With my back to Saki, I pull down my own clothes, glad that I can move my arm after so long in a sling, even if it's still weak. After the strain I put on it in the fight, bending my elbow aches and I can't grip anything without my entire arm starting to shake. I barely noticed until now, but that's how it's always been for me. Wounds and exhaustion don't truly catch up to me until I stop and see them.

My bare chest and back exposed, I swallow at a lump in my throat. The shaking terror wants to start back up. I squeeze my fists until only my shield arm quivers, looking over myself for any wounds. Scratches run all along my sword arm, but they're shallow. Welts and bruises from rocks lump my shoulders and chest, especially on my shield arm, but since I don't naturally favor it the pain is bearable. Some bruises on my chest and stomach, along with angry red lines and scabbed scratches. Rubbing my throat, I don't come away with any pain or flaked blood. I got off lucky. If it weren't for two full layers of thick clothes and how short kappa claws are, I'd have been badly bloodied. Rubbing a hand through my hair, I wince, coming away with some dark, dried flakes of blood. If I get into another fight, I need to have a helmet, or a hat at the least.

The door to the hut moves in, bringing a breeze of cold. From the corner of my eyes, I see Rin and one of the other kitsune haul in supplies. Pots, blankets, and who knows what else. I don't pay much attention, wiggling my toes in my boots and glad that I can still feel each of them as they warm by the fire.
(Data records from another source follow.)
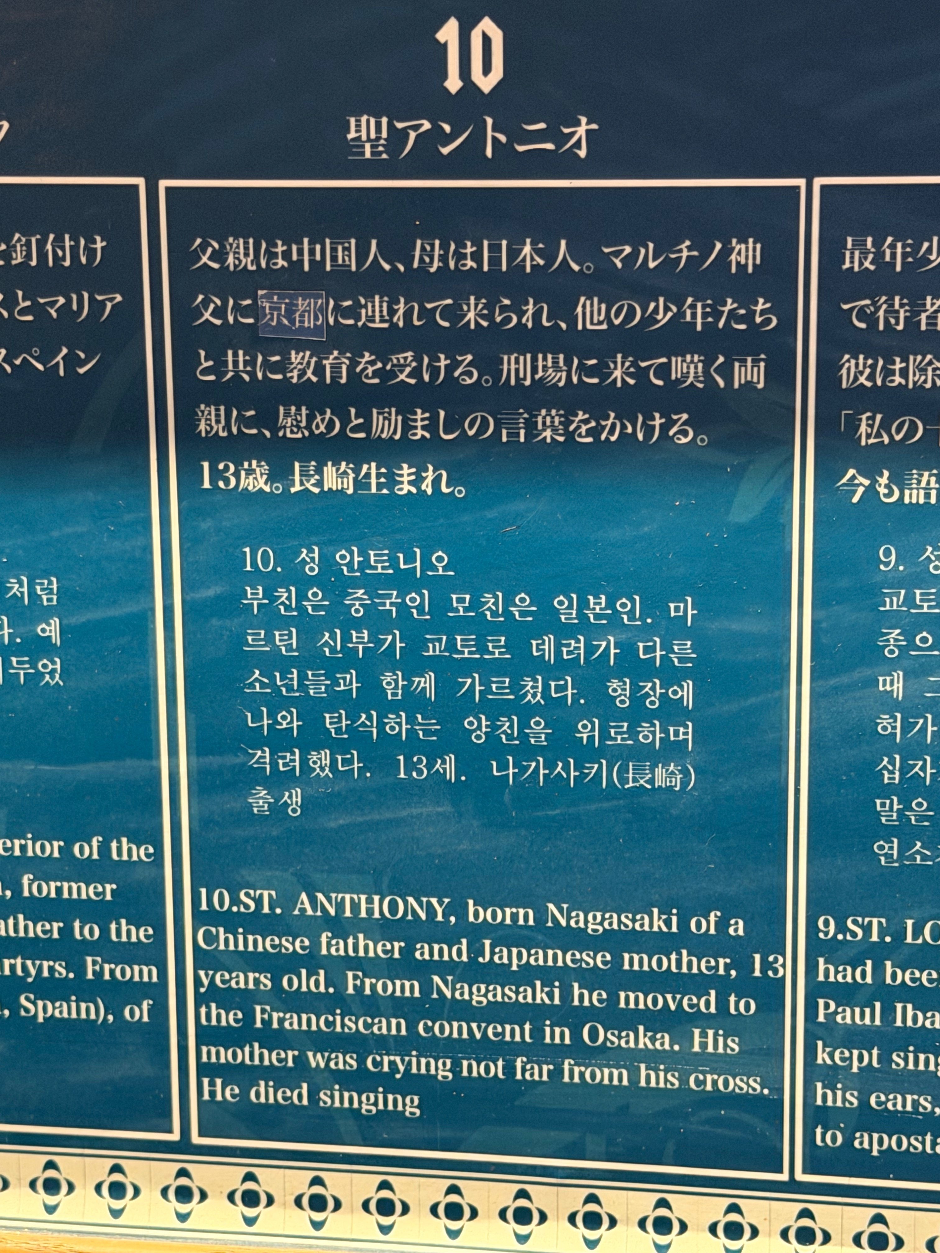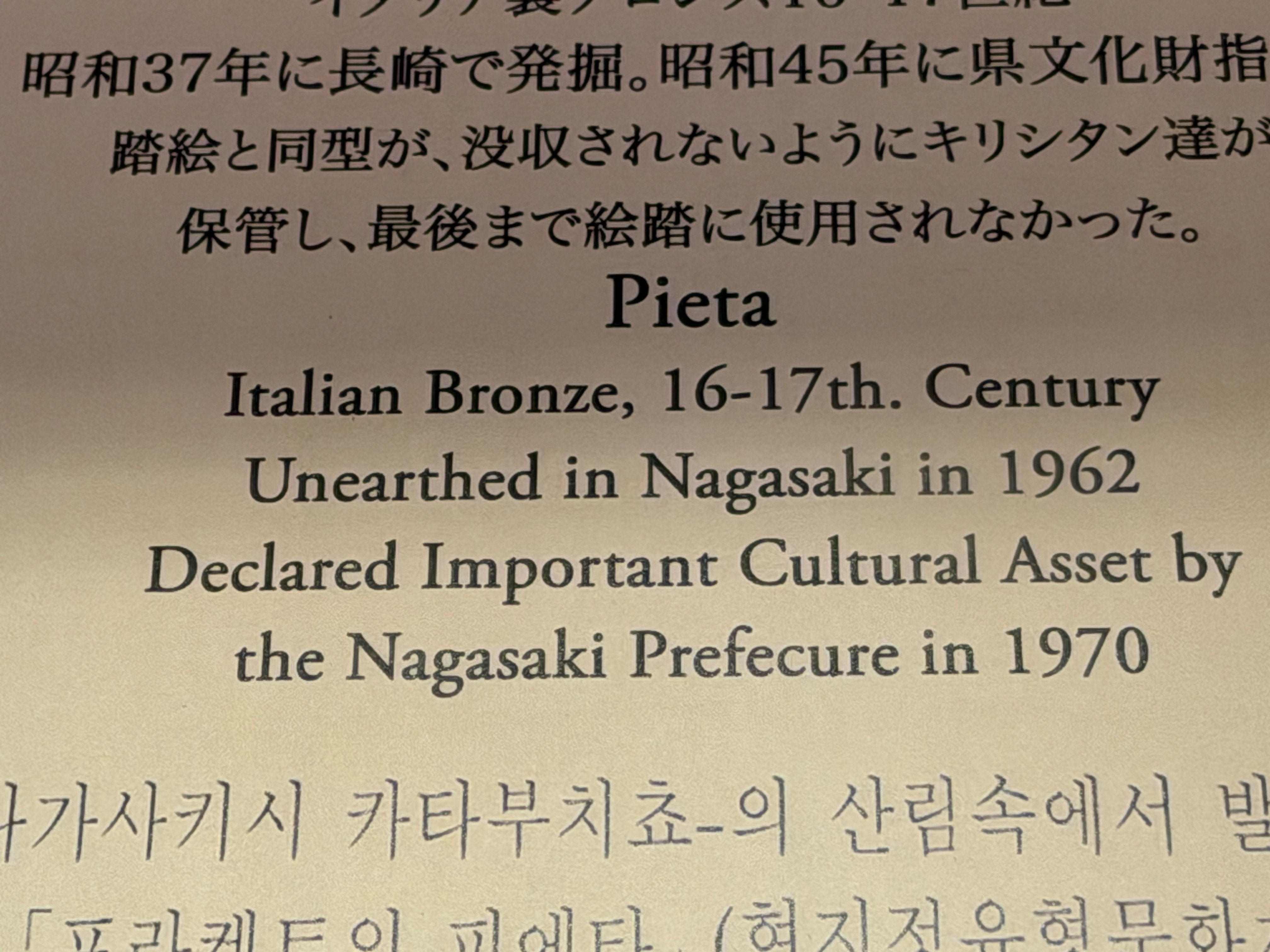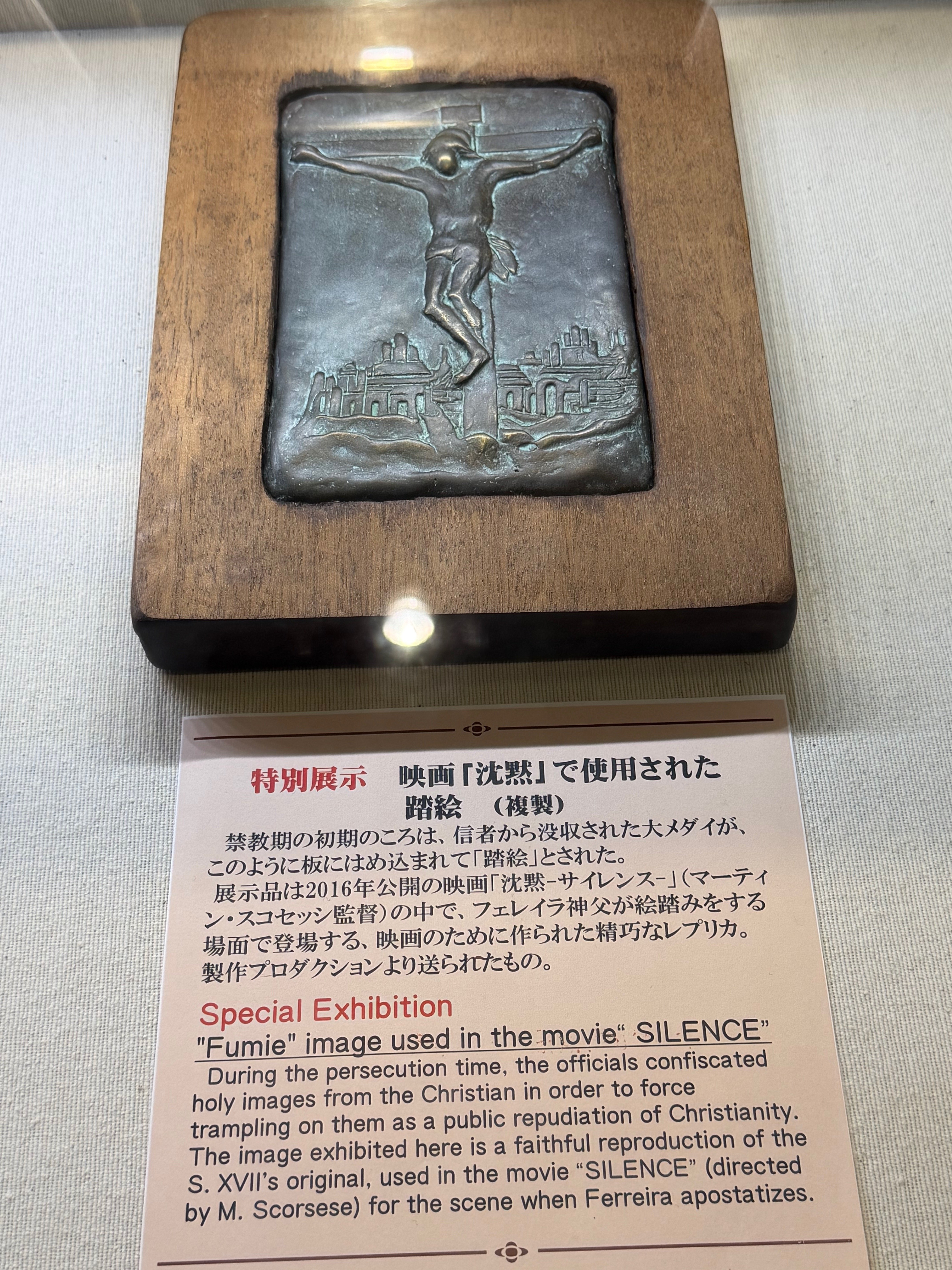 Another exhibit in the museum that I found of special interest was a replica of a Fumie Image that was used in the Scorsese directed film, “Silence.” The movie, and the book upon which it is based, depicts the story of the persecution of Christians in Japan. A missionary I served with in Japan, Van Gessel, translated the book from Japanese to English and was a consultant to Scorsese in the making of the movie. The subject image depicting Christ was seen in the movie for the purpose of being trampled on to demonstrate repudiation of Christ to avoid execution.
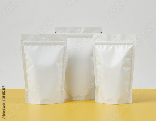 Three White Stand-up Pouches for Packaging Product on Yellow Background
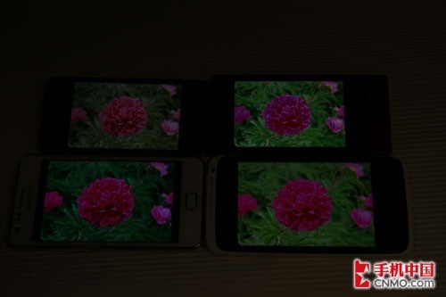 在黑暗环境下,索尼LT22i依然秉承它的高亮度的作风,显示图像清晰,而且搭载SLCD2屏的One X也在暗光下有令人满意的表现。也许是因为SAP屏色调偏冷,三星I9100在黑暗中的表现不尽如人意。IPS屏的苹果iPhone 4S相比其他三款手机屏幕较暗,但也能正常显示出原有的画面。
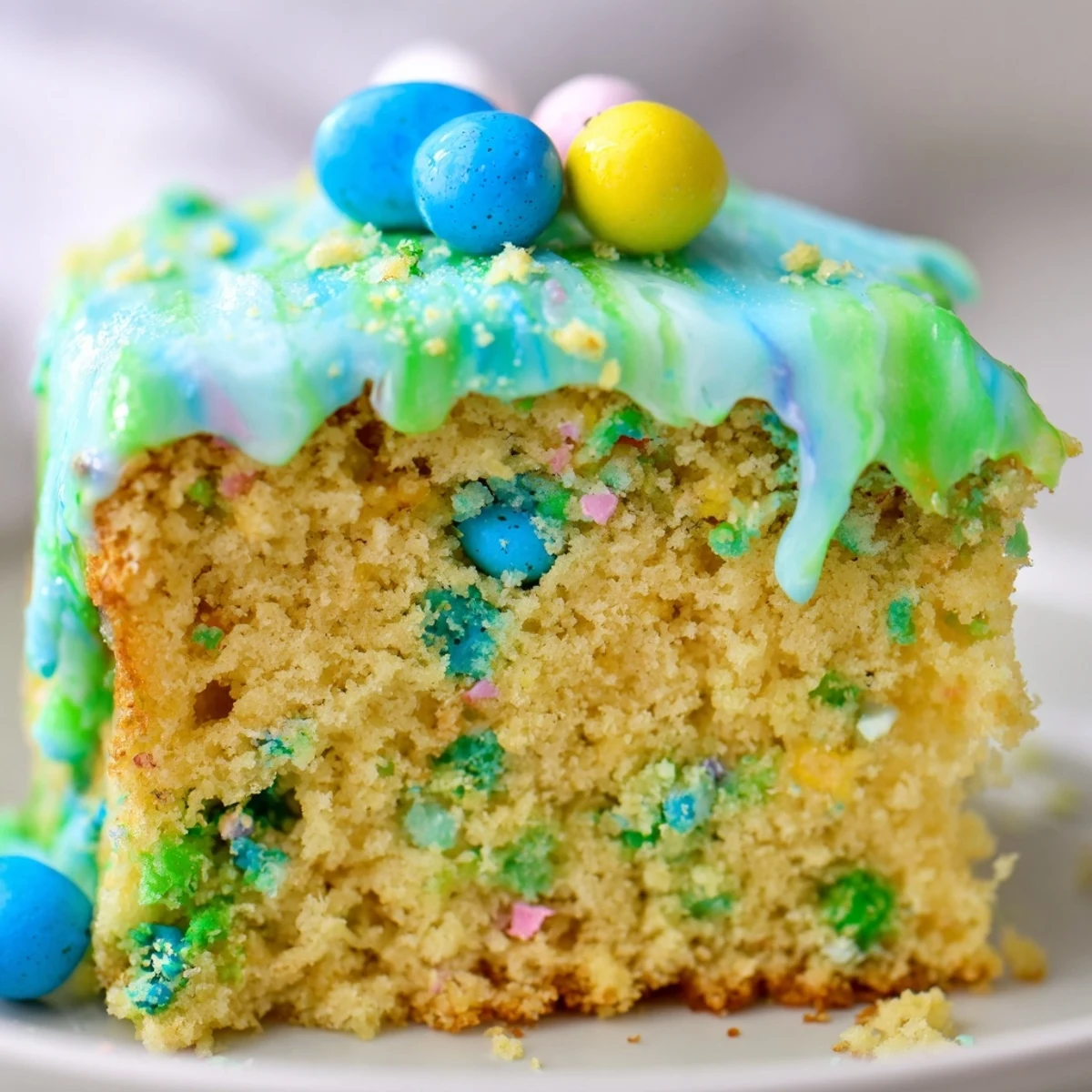 This tender vanilla snack cake features crushed candy-coated robin eggs folded into the batter, creating colorful specks throughout. The cake is topped with a playful pastel glaze that you can customize with blue and green food coloring for a festive spring look. Whole robin eggs garnish the top for extra crunch and whimsy.
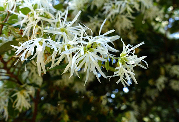 O loropetalum chinense na espécie típica, possui flores brancas e pétalas estreitas, com folhagem verde escura e de 3-12 metros de altura.
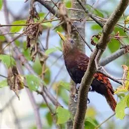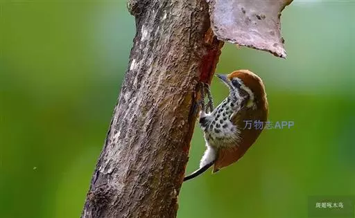 栗啄木鸟:是一种红褐色啄木鸟,体长21厘米。雄性成鸟整个头棕色,…
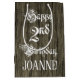 Dieses formale und aufwändige Geschenktütendesign mit dem Thema "Happy 2. Geburtstag", in luxuriösem Schrift-Stil, auf einem Imitat aus Holz inspiriert Muster Hintergrund. Es enthält auch einen benutzerdefinierten Empfängernamen. Eine Geschenktasche wie diese kann benutzt werden, wenn man ein Geschenk oder Geschenk zu Ehren eines zweiten Geburtstages von jemandem gibt. [~Z0000558]
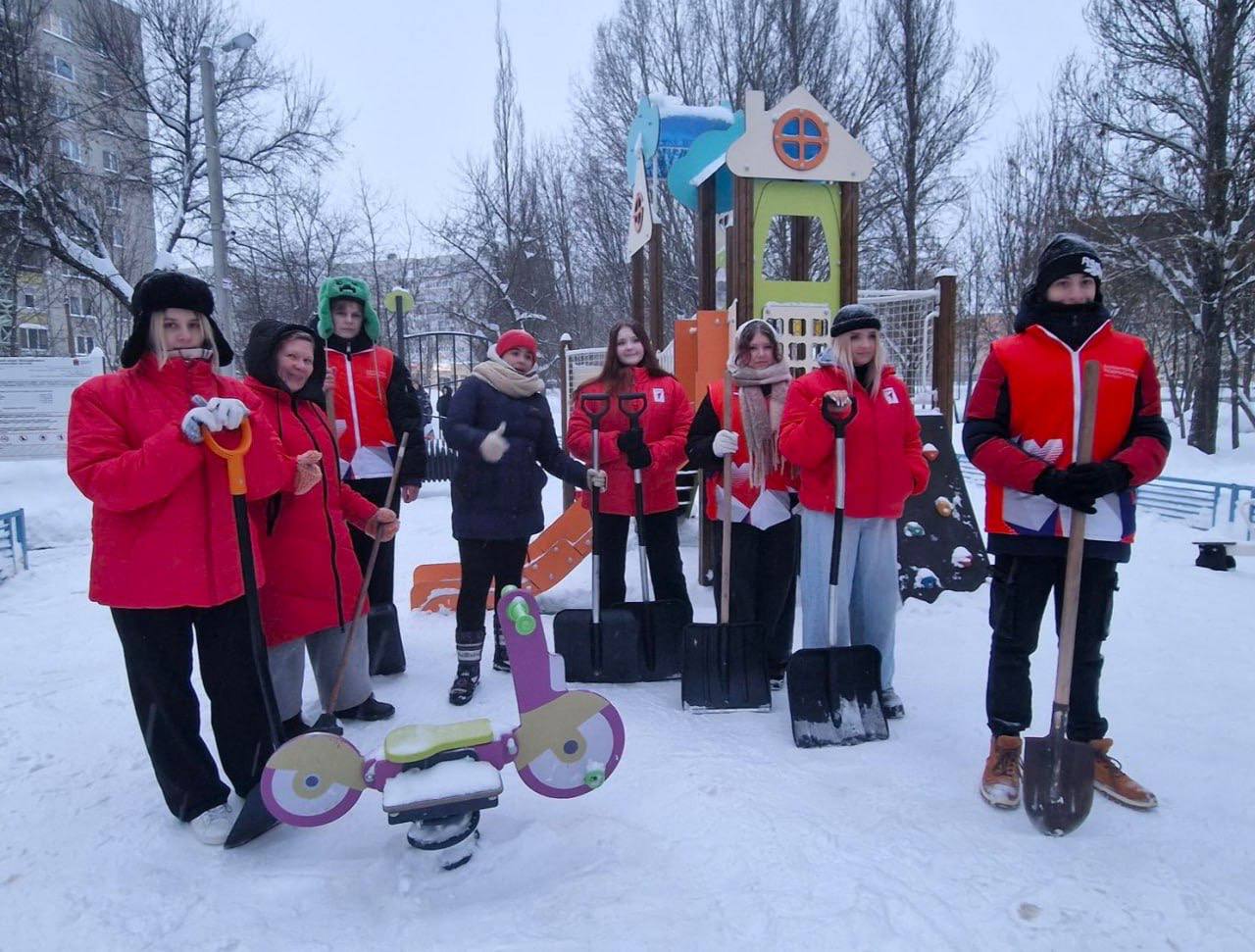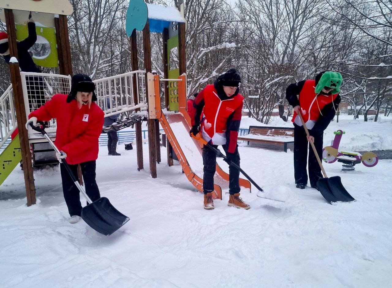 В городе продолжается уборка снега после сильных осадков. На помощь коммунальщикам пришли добровольцы из движения «Волонтёры Подмосковья». Они убрали снег на двух детских площадках возле молодёжного центра «Олимпиец», чтобы детям было удобнее играть на свежем воздухе.
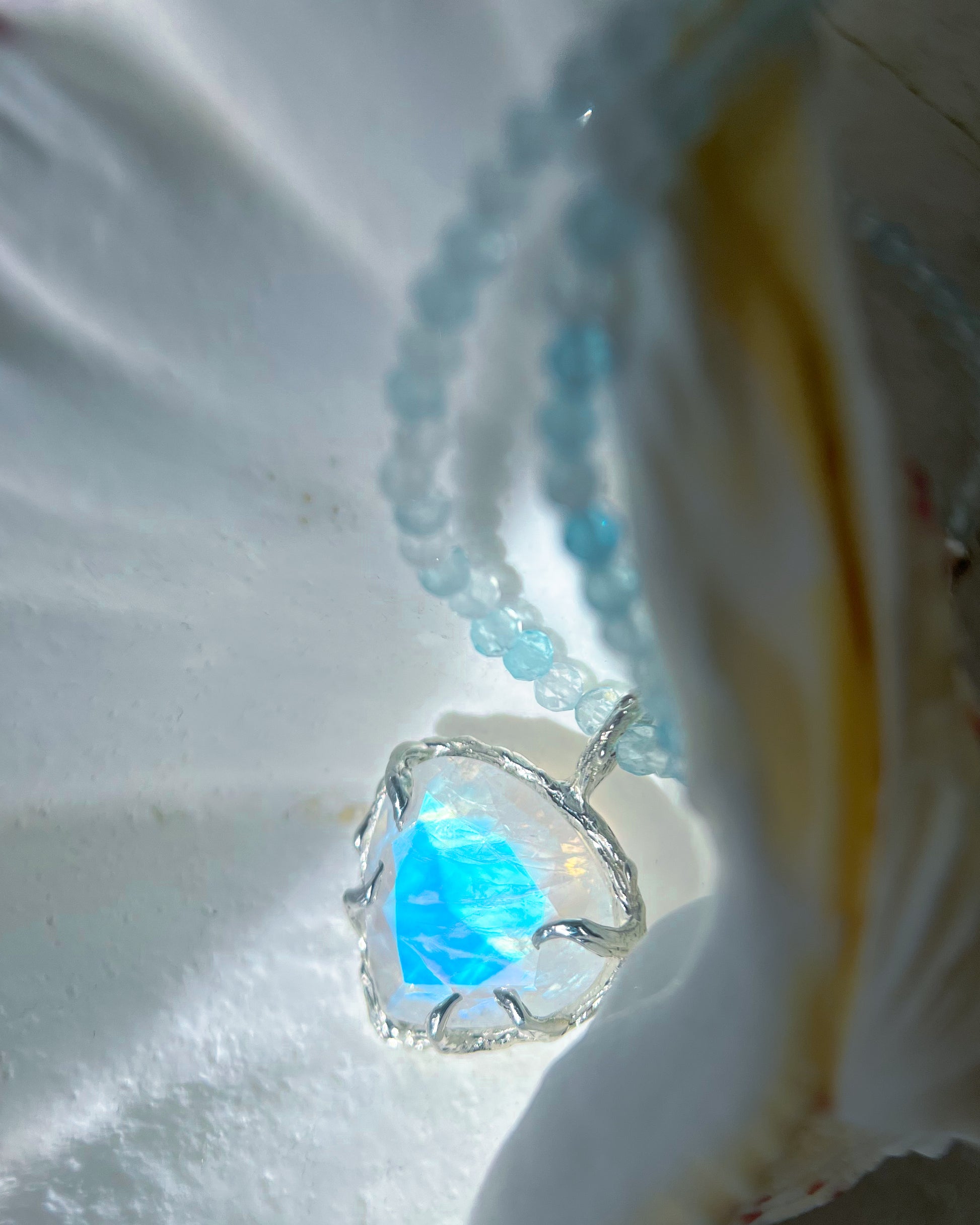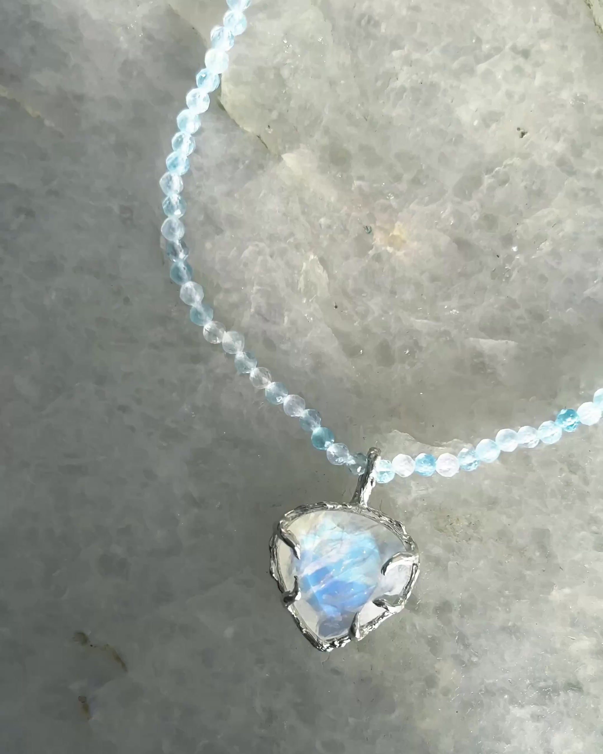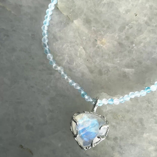Heart Portal Necklace ⋄ Rainbow Moonstone & Aquamarine

"Stay by the fire," Rin commands, and I look over to see Saki easing back down, her expression thoroughly chastised. Only I have to quickly look away, Saki's top pulled down to reveal the bindings on her chest. I think I saw flecks of blood in her fur. Those dark clothes did well to hide any wounds.

The five-tail, whose name I don't know, sets pots of water by the fire, brings over a few clay jugs, then sits down to start tearing cloth into rags. The villagers won't be needing their supplies now, but it still leaves a bitter, sick taste in the back of my throat. I don't get to complain, as soon warm rags are handed over to Saki and myself, or I assume they're handed to her since I make a point not to look back at her. She's a dangerous warrior and magical fox, but she's still a woman that deserves some privacy as she washes.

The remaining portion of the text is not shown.